_WORK INSTRUCTIONS_:
Exact reproduction is required for the lines below starting at the line with "Kefalonia, Greece Watercolor" and ending at the line with "Canudos de biscoito,tubes", both included. No other lines, and no pictures.

_DATA TO PROCESS_:
____________
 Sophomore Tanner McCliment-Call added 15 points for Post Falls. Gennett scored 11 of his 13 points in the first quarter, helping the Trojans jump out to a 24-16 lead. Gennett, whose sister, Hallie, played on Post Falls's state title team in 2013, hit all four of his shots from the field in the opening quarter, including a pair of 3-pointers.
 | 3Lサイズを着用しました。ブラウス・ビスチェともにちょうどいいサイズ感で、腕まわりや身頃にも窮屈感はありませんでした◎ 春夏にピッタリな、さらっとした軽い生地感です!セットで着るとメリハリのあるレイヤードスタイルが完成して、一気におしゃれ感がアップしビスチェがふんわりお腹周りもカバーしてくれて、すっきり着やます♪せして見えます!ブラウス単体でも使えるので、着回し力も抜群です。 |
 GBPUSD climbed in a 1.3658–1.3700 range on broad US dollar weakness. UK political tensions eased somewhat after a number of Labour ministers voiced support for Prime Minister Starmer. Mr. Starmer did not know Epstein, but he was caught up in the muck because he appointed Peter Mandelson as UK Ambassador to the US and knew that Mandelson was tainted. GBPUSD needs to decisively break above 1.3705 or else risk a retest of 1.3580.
____________
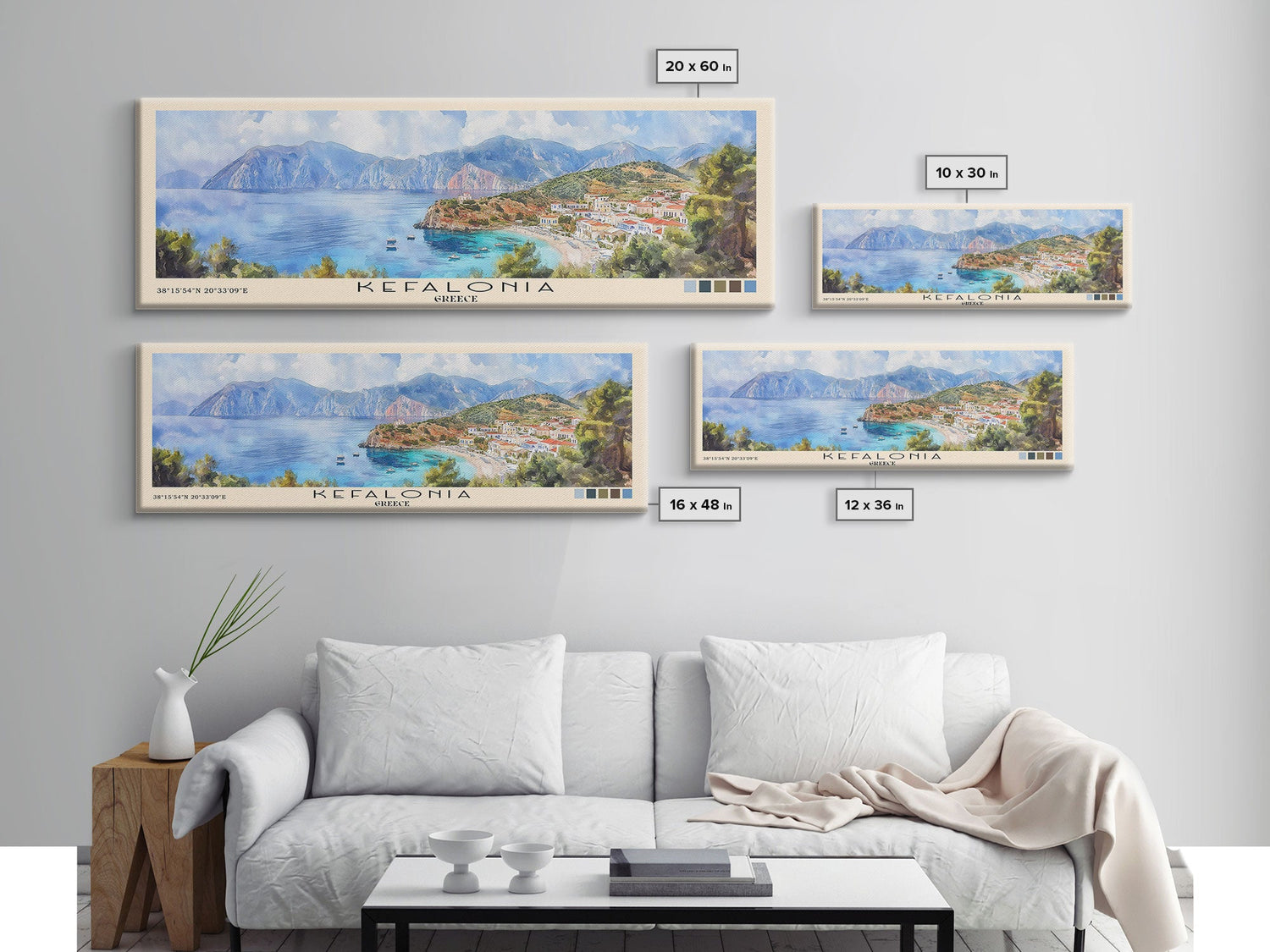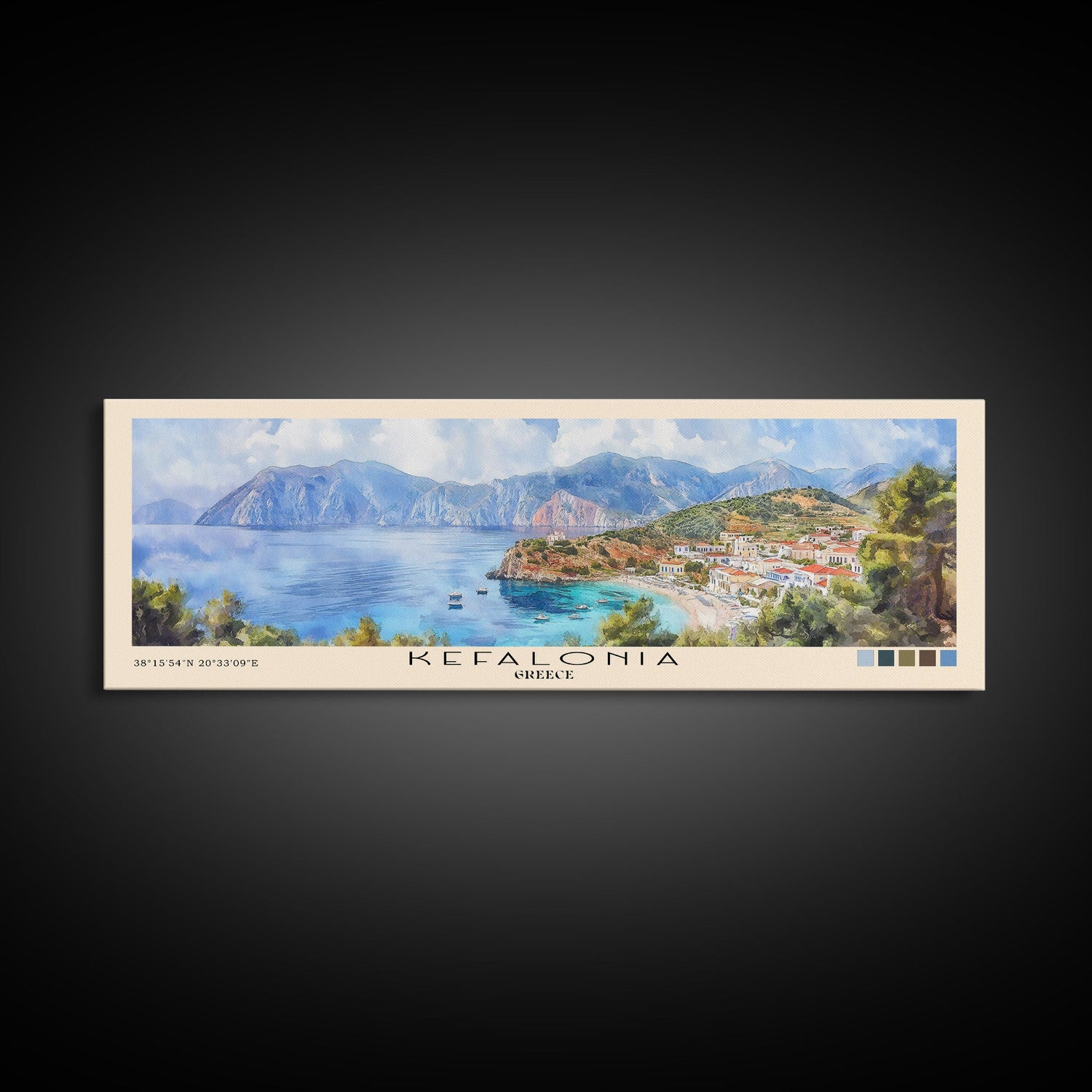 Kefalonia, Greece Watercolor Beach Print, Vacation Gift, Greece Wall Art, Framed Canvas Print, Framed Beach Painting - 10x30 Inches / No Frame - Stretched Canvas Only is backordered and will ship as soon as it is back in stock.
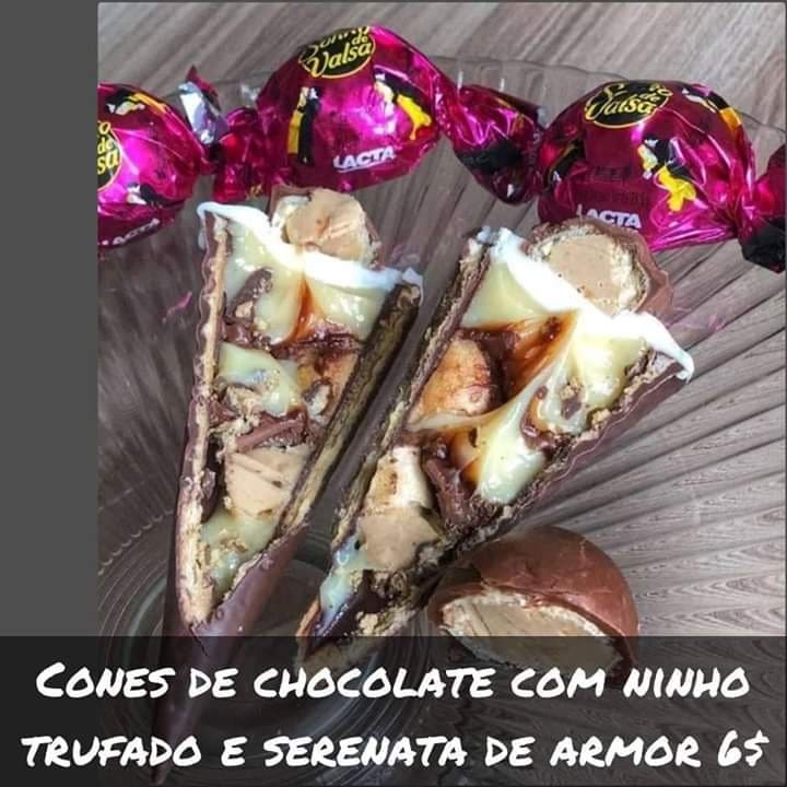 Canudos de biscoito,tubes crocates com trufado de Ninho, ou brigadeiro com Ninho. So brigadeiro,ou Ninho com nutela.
____________
_TASK RESPONSE_:
 Kefalonia, Greece Watercolor Beach Print, Vacation Gift, Greece Wall Art, Framed Canvas Print, Framed Beach Painting - 10x30 Inches / No Frame - Stretched Canvas Only is backordered and will ship as soon as it is back in stock.
 Canudos de biscoito,tubes crocates com trufado de Ninho, ou brigadeiro com Ninho. So brigadeiro,ou Ninho com nutela.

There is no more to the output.